Fri Jan 27 12:11:34 UTC 2023

Hi,

> 2023年1月27日 12:01，Maxim Dounin <mdounin at mdounin.ru> 写道：
> 
> Hello!
> 
> On Wed, Jan 25, 2023 at 12:49:10PM +0800, Miao Wang wrote:
> 
>>> 2023年1月25日 10:17，Maxim Dounin <mdounin at mdounin.ru> 写道：
>>> 
>>> On Mon, Jan 23, 2023 at 07:01:16PM +0800, Miao Wang wrote:
>>> 
>>>>> 2023年1月23日 12:05，Maxim Dounin <mdounin at mdounin.ru> 写道：
>>>>> 
>>>>> On Wed, Jan 18, 2023 at 11:28:52PM +0800, Miao Wang wrote:
>>>>> 
>>>>>> # HG changeset patch
>>>>>> # User Miao Wang <shankerwangmiao at gmail.com>
>>>>>> # Date 1674055068 -28800
>>>>>> #      Wed Jan 18 23:17:48 2023 +0800
>>>>>> # Node ID 73aa64bd29f3dec9e43e97560d6b5a07cdf40063
>>>>>> # Parent  07b0bee87f32be91a33210bc06973e07c4c1dac9
>>>>>> HTTP: trigger lingering close when keepalive connection will be closed
>>>>>> 
>>>>>> When finalizing a request, if the request is not keepalive but
>>>>>> its connection has served more than one request, then the connection
>>>>>> has been a keepalive connection previously and this connection will
>>>>>> be closed after this response. In this condition, it is likely that
>>>>>> there are pipelined requests following this request, which we should
>>>>>> ignore. As a result, lingering close is necessary in this case.
>>>>>> 
>>>>>> Without this patch, nginx (with its default configuration) will send
>>>>>> out TCP RST when there are more pipelined requests. The symptom is
>>>>>> obvious when nginx is serving a debian repository and apt is
>>>>>> downloading massive of packages.
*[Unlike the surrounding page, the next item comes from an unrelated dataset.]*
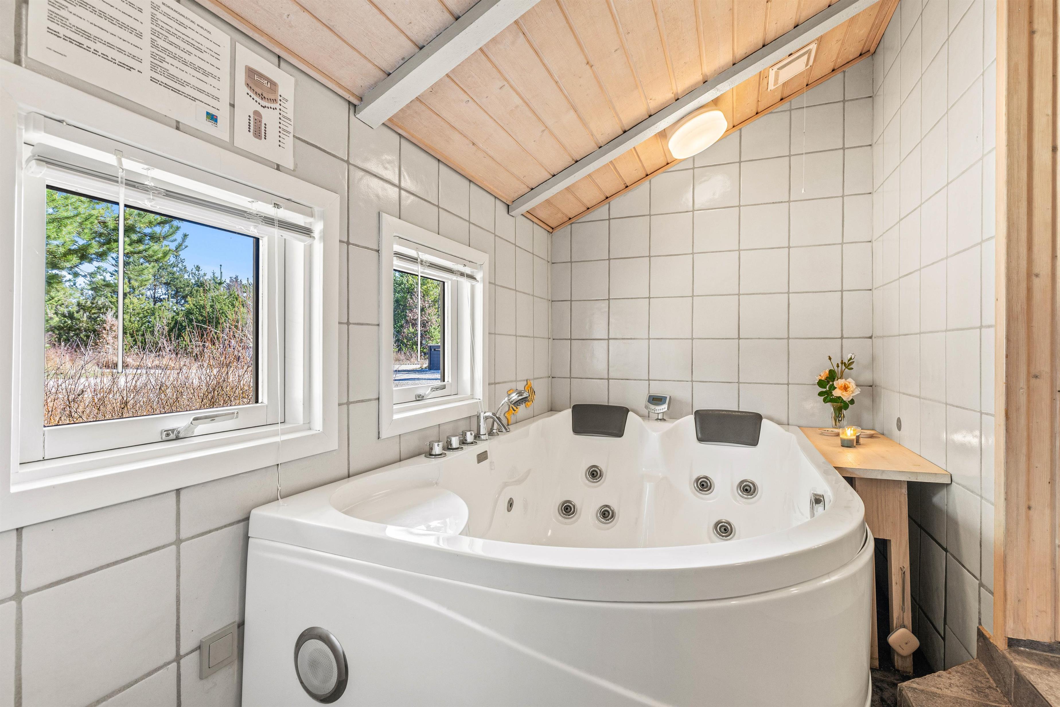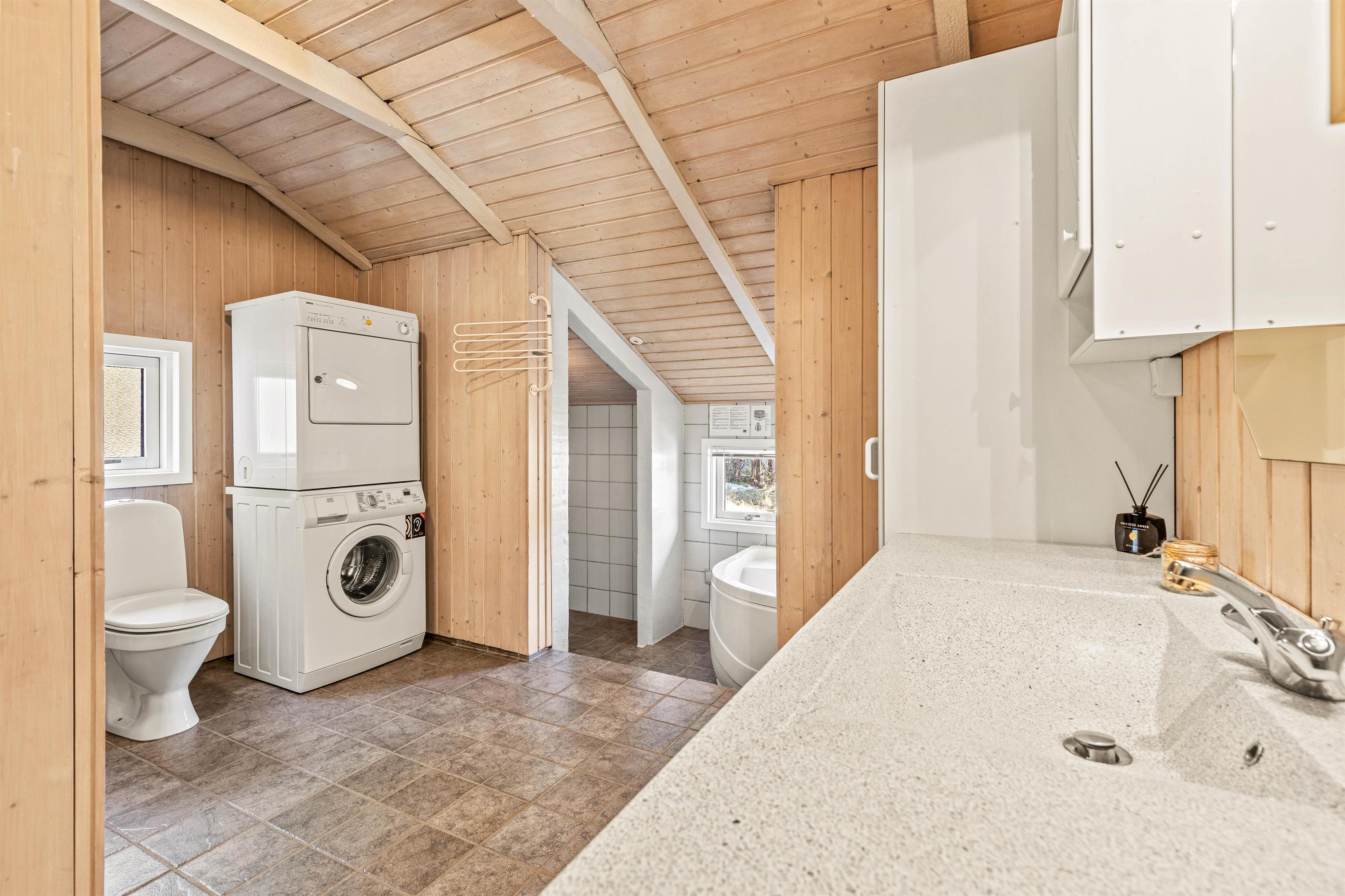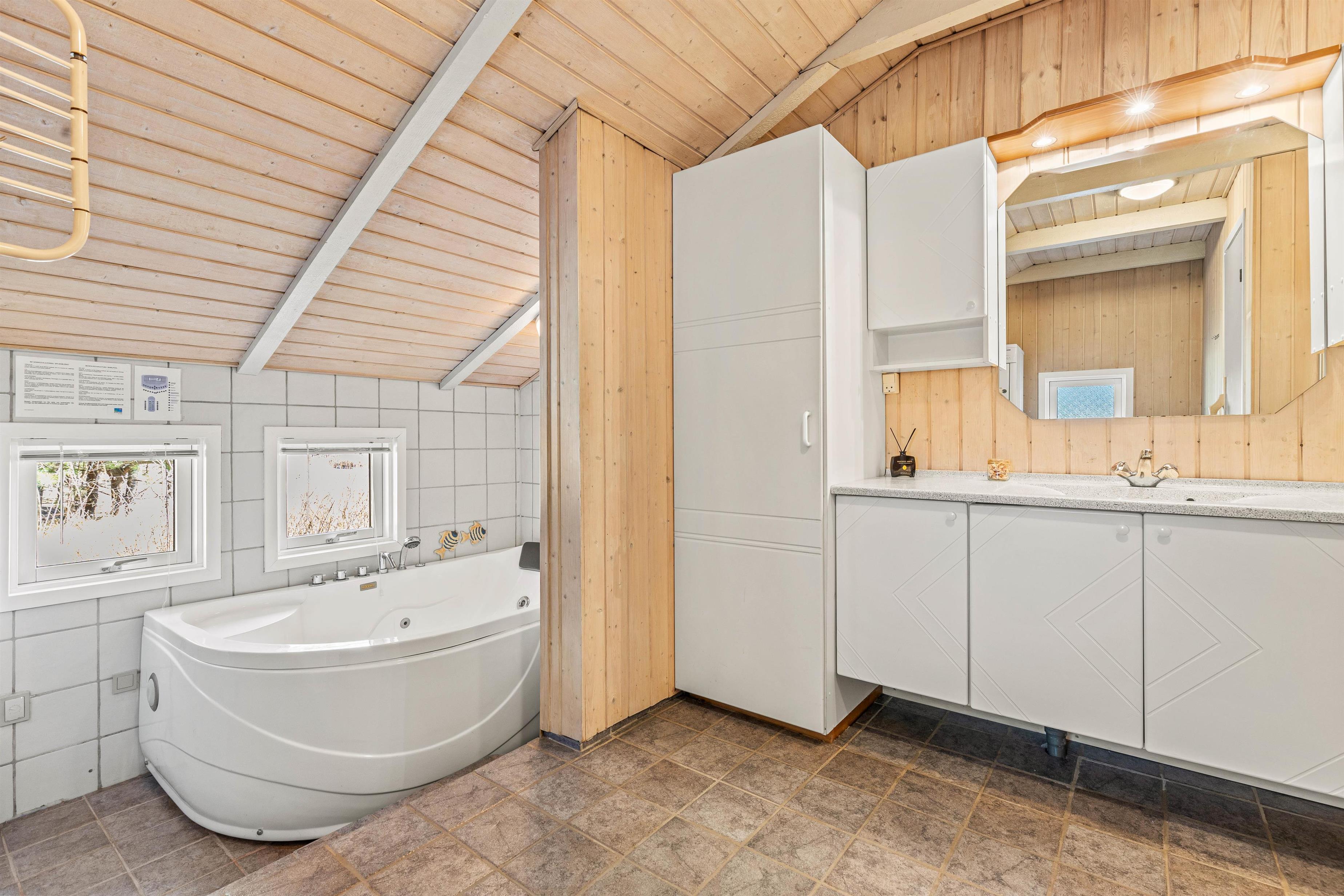 På Nørrevang 231 får I ikke kun masser af godt praktisk udstyr som opvaskemaskine, vaskemaskine og tørretumbler, men også ekstra goder i form af sauna og spabad, som I finder på det store badeværelse.

See [1]. It becomes more obvious
>>>>>> when `keepalive_requests` is lower or nginx is under a relative
>>>>>> higher load, and it disappears when specifying
>>>>>> `lingering_close always`.
>>>>>> 
>>>>>> [1]: https://bugs.debian.org/cgi-bin/bugreport.cgi?bug=973861#10
>>>>>> 
>>>>>> diff -r 07b0bee87f32 -r 73aa64bd29f3 src/http/ngx_http_request.c
>>>>>> --- a/src/http/ngx_http_request.c Wed Dec 21 14:53:27 2022 +0300
>>>>>> +++ b/src/http/ngx_http_request.c Wed Jan 18 23:17:48 2023 +0800
>>>>>> @@ -2749,6 +2749,10 @@
>>>>>>       return;
>>>>>>   }
>>>>>> 
>>>>>> +    if (!r->keepalive && r->connection->requests > 1) {
>>>>>> +        r->lingering_close = 1;
>>>>>> +    }
>>>>>> +
>>>>>>   if (clcf->lingering_close == NGX_HTTP_LINGERING_ALWAYS
>>>>>>       || (clcf->lingering_close == NGX_HTTP_LINGERING_ON
>>>>>>           && (r->lingering_close
>>>>> 
>>>>> Thanks for the patch and the link to the Debian bug report.
>>>>> 
>>>>> Lingering close implies noticeable additional resource usage: even 
>>>>> if nothing happens on the connection, it will be kept open for 
>>>>> lingering_timeout, which is 5 seconds by default.  Given that 
>>>>> pipelining is not used by most of the clients, forcing lingering 
>>>>> close for all clients which are using keepalive does not look like 
>>>>> a good solution to me.
>>>>> 
>>>>> In general, nginx tries hard to determine if any additional data 
>>>>> are expected on the connection, and uses lingering close if there 
>>>>> is a good chance there will be some, but avoids lingering close by 
>>>>> default if additional data are unlikely.  If this logic does not 
>>>>> work for some reason, lingering close can be explicitly requested 
>>>>> with "lingering_close always;".
>>>> 
>>>> That's true since the symptom I described can be worked around with
>>>> that option.
>>>> 
>>>>> 
>>>>> In particular, note the "r->header_in->pos < r->header_in->last" 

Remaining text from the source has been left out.